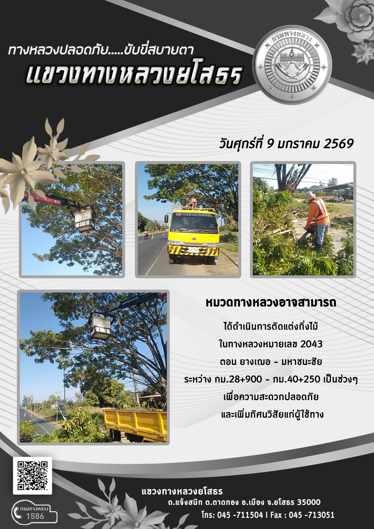 วันศุกร์ที่ 9 มกราคม 2569 หมวดทางหลวงอาจสามารถ ได้ดำเนินการตัดแต่งกิ่งไม้ ในทางหลวงหมายเลข 2043 ตอน ยางเฌอ - มหาชนะชัย ระหว่าง กม.28+900 - กม.40+250 เป็นช่วงๆ เพื่อความสะดวกปลอดภัย และเพิ่มทัศนวิสัยแก่ผู้ใช้ทาง
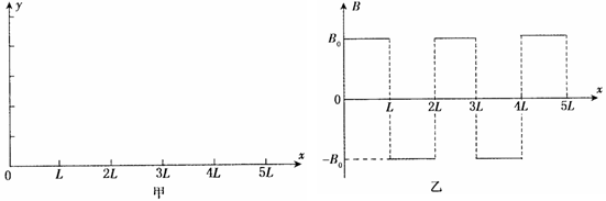 (2)请在图甲中画出x=0至x=4L区域内电子在磁场中运动的轨迹,计算电子通过图中各磁场区域边界时位置的纵坐标并在图中标出;
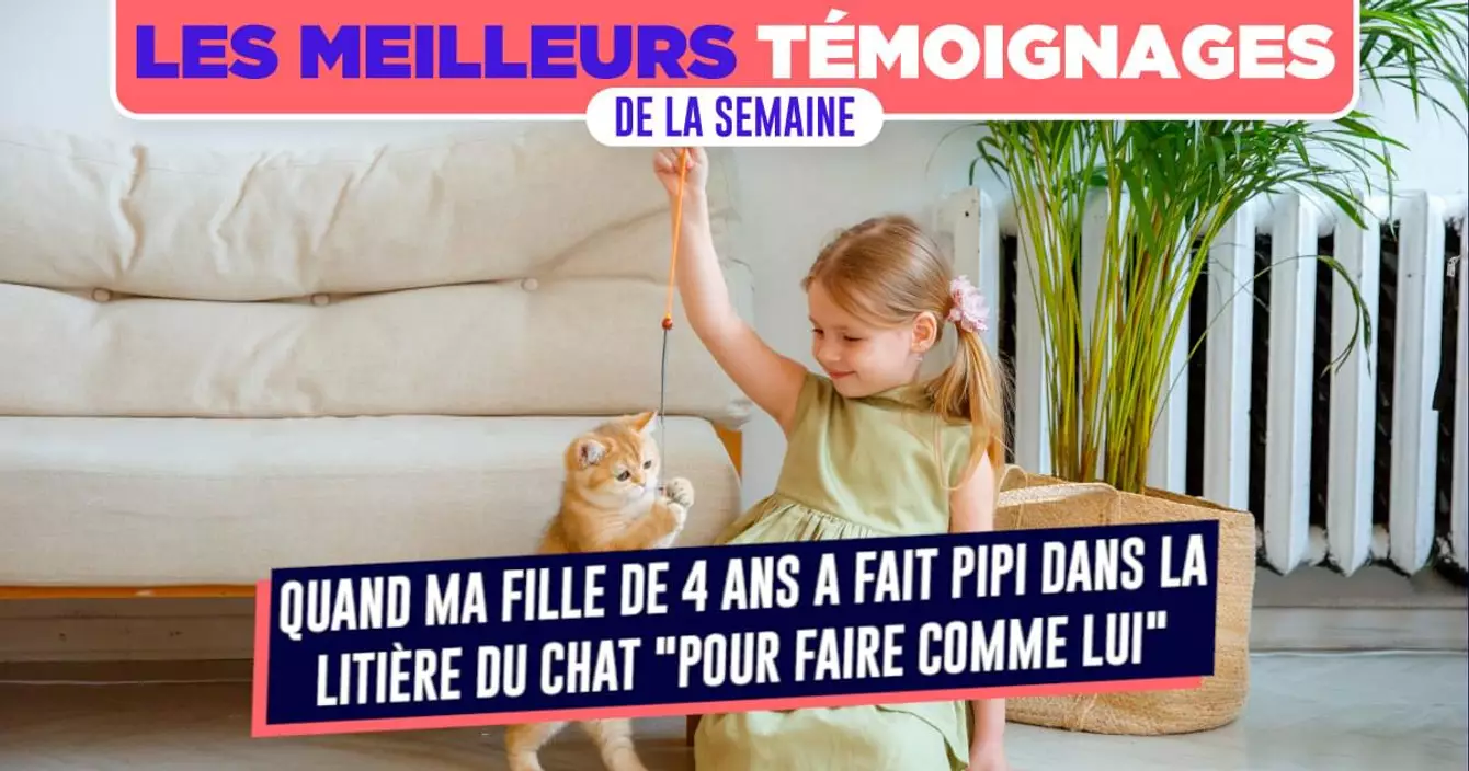 « Ya pas très longtemps, trop pressée d'aller aux toilettes, les toilettes étant occupées par sa grande sœur elle a fait pipi dans la litière des chats mdrr et elle est venue me l'annoncer comme si c'était normal mddr »
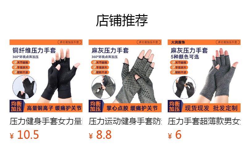 국경 간 맞춤형 구리 섬유 반 손가락 압력 장갑 야외 사이클링 관절 재활 스포츠 훈련 핑거리스 장갑스토어 가기
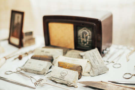 Different antique items on the table: old pocket watches, banknotes and coins of the Russian Empire, glasses in a case, silverware. Vintage background from a collection of antiques. Selected focus
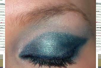 Si vous trouvez que le bleu c'est horrible mais que la technique est sympa, il suffit de passer une ombre à paupière crème jusque dans le creux de la paupière, passer d'abord une ombre foncée sur les coins externes et internes en remontant un petit peu, et au centre de la paupière, une ombre plus claire, de préférence irisée. Un peu en dessous de l'oeil, un khôl de la couleur de votre choix et pourquoi pas un coup d'eyeliner. N'oubliez pas de highlighter sous le sourcil (ce que j'ai oublié de faire sur la photo...) pour donner de l'éclat.
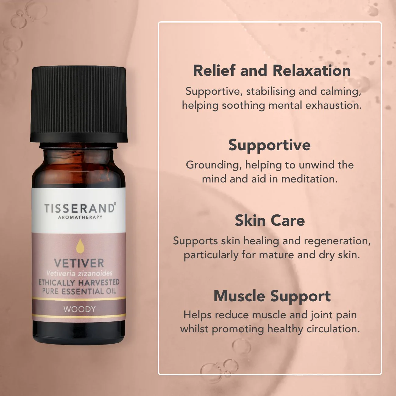 Smoky, sophisticated and expansive, Vetiver essential oil is known as ‘the oil of tranquillity.’ It has a rich, earthy aroma that’s both grounding and deeply soothing, and a long-lasting scent that makes it a favourite for unwinding after a busy day or settling into meditation. It can also help to ease muscle tension and the physical effects of emotional strain.
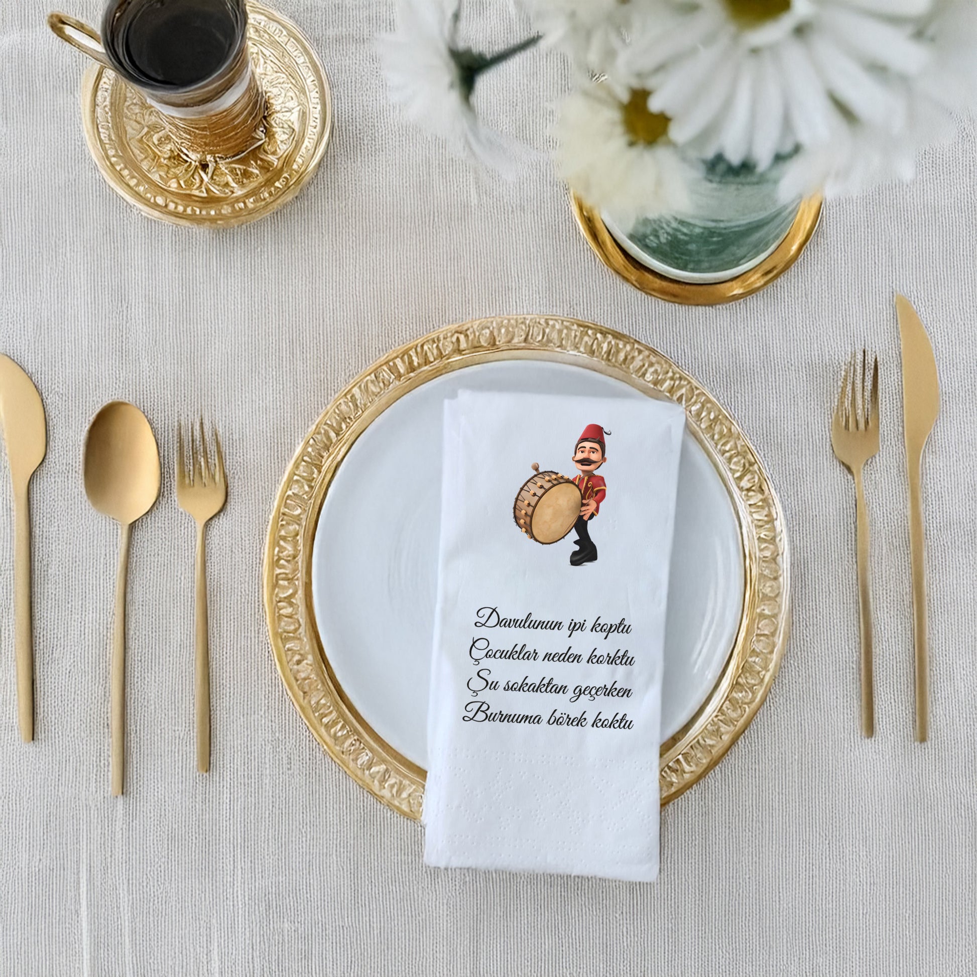 Kidzia’nın Ramazan koleksiyonundan Davulcu ve Mani Yazılı Baskılı Peçete, geleneksel Ramazan atmosferini sofranıza taşımak için özel olarak tasarlandı.
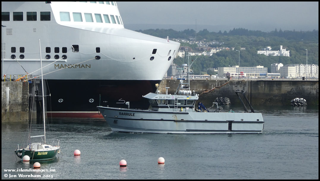 'The Manx Navy'. Fisheries protection vessel 'Barrule' crosses the harbour with the Steam Packet's 'Manxman' as a backdrop.
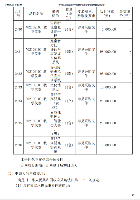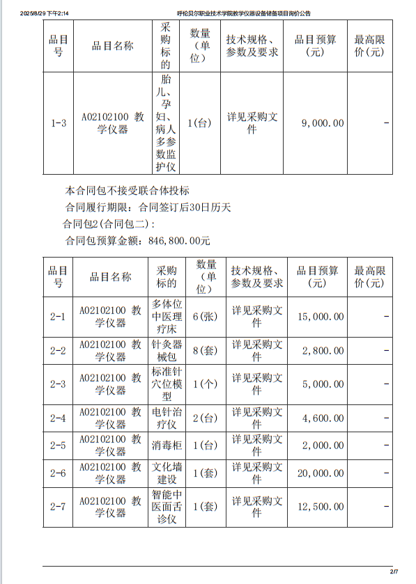呼伦贝尔职业技术学院教学仪器设备储备项目询价公告
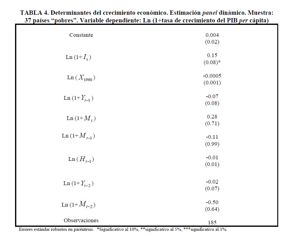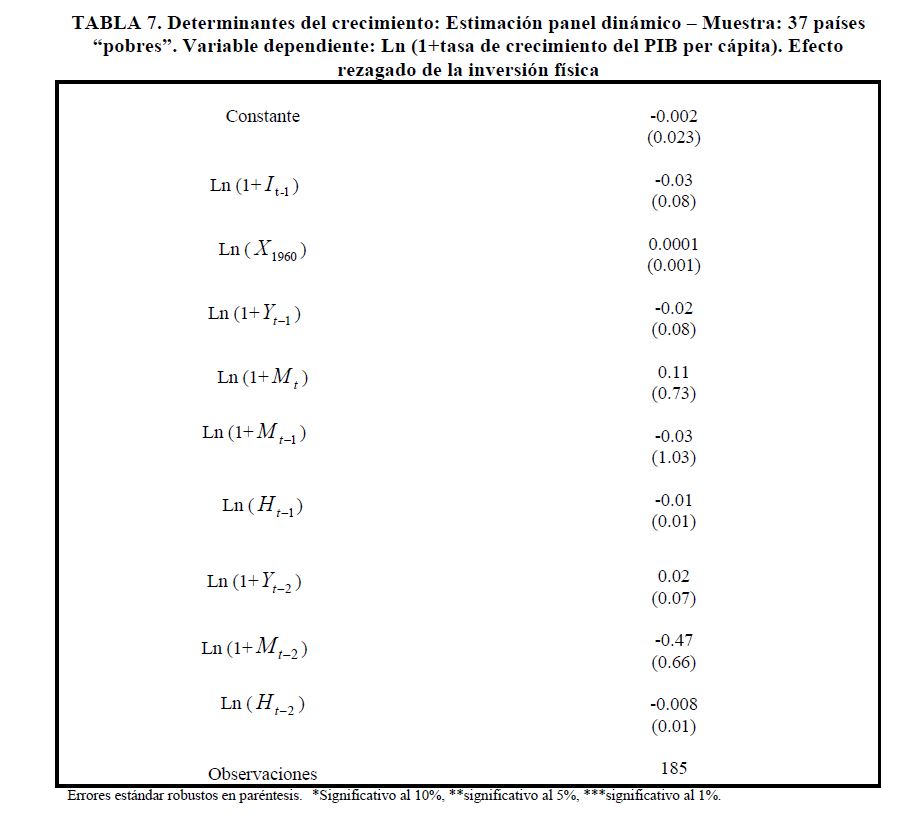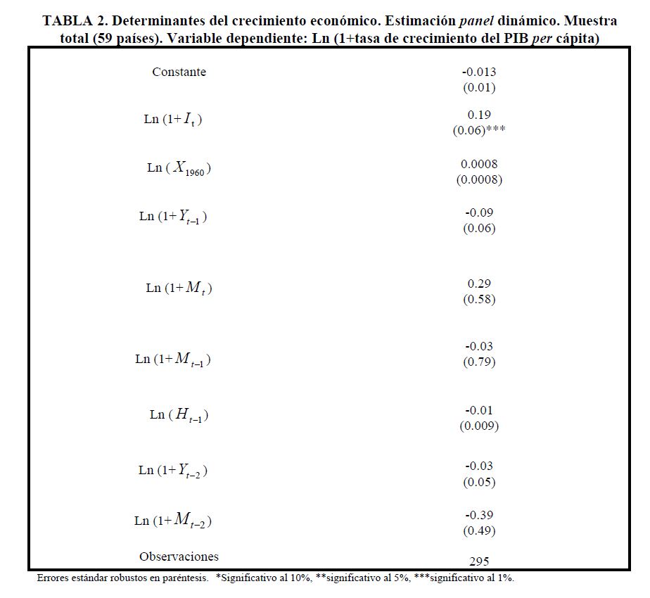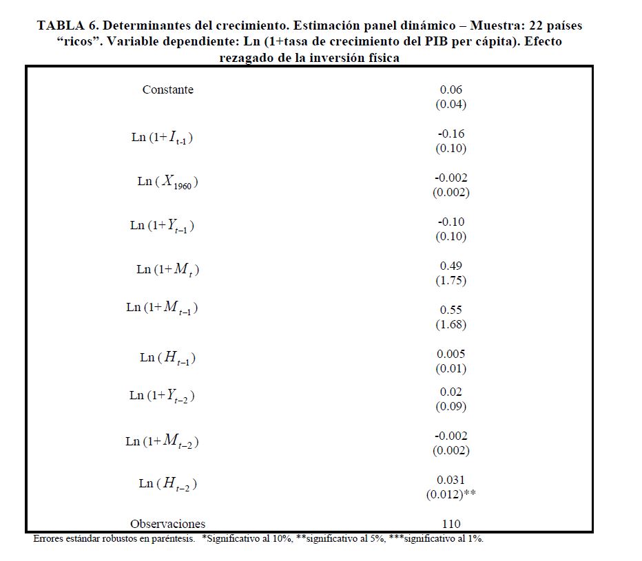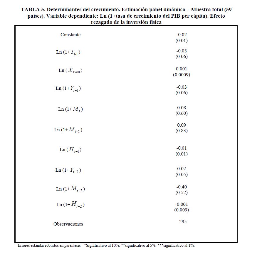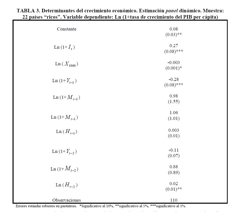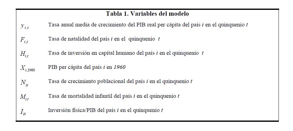 En este ensayo presentamos un modelo de crecimiento económico y los resultados de su estimación econométrica. Entre sus variables incluimos las demográficas y de capital físico y humano. El ejercicio empírico se basó en un "panel dinámico" que cubrió un período de aproximadamente cuatro decenios (1960-2000) y tres muestras de países con el fin de apreciar la robustez de los resultados. La primera, con 59 países, y, las otras dos, diferenciando entre países pobres y ricos. Los resultados de la muestra total parecen dominados por los de la sub-muestra de países pobres, a saber: solo la tasa de inversión en capital físico fue significativa en la determinación de la tasa de crecimiento económico. En el caso de los países ricos, además de la inversión en capital físico, también se mostraron significativas la inversión en capital humano (con un efecto rezagado de 10 años) y la constante, sugiriendo, esto último, que fue importante en estos países un cambio técnico exógeno como uno de sus motores de crecimiento.

********

## EXERCISE BRIEF
With the pictures left out, give again exactly the lines from the one that contains "as a backdrop." through the final line of the data above.

## EXERCISE SOLUTION
 'The Manx Navy'. Fisheries protection vessel 'Barrule' crosses the harbour with the Steam Packet's 'Manxman' as a backdrop.
呼伦贝尔职业技术学院教学仪器设备储备项目询价公告
 En este ensayo presentamos un modelo de crecimiento económico y los resultados de su estimación econométrica. Entre sus variables incluimos las demográficas y de capital físico y humano. El ejercicio empírico se basó en un "panel dinámico" que cubrió un período de aproximadamente cuatro decenios (1960-2000) y tres muestras de países con el fin de apreciar la robustez de los resultados. La primera, con 59 países, y, las otras dos, diferenciando entre países pobres y ricos. Los resultados de la muestra total parecen dominados por los de la sub-muestra de países pobres, a saber: solo la tasa de inversión en capital físico fue significativa en la determinación de la tasa de crecimiento económico. En el caso de los países ricos, además de la inversión en capital físico, también se mostraron significativas la inversión en capital humano (con un efecto rezagado de 10 años) y la constante, sugiriendo, esto último, que fue importante en estos países un cambio técnico exógeno como uno de sus motores de crecimiento.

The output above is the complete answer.